Work instructions: Leave the pictures out, and repeat exactly every line from the one with "2017元旦放假时间安排表" through the end of the data below.

Supplied material:
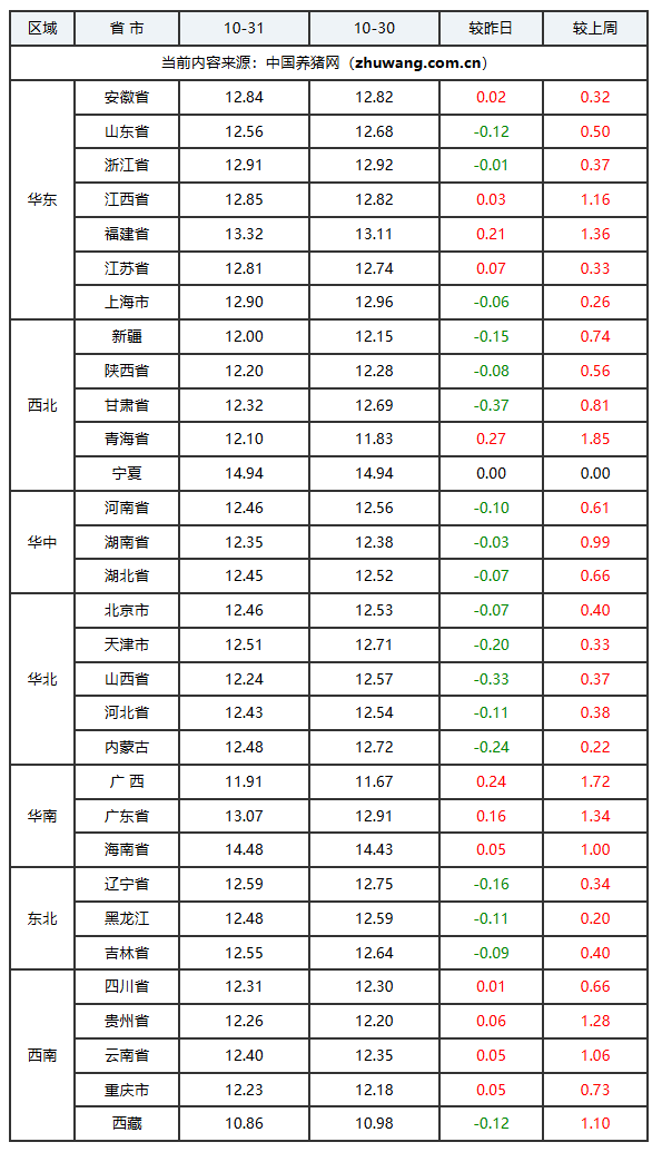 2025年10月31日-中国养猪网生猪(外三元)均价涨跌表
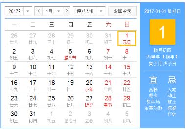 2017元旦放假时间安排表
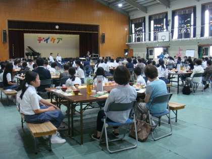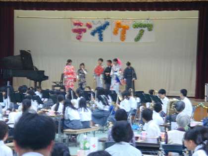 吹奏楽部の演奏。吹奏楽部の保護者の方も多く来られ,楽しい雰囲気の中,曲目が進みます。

Answer to this problem:
 2017元旦放假时间安排表
 吹奏楽部の演奏。吹奏楽部の保護者の方も多く来られ,楽しい雰囲気の中,曲目が進みます。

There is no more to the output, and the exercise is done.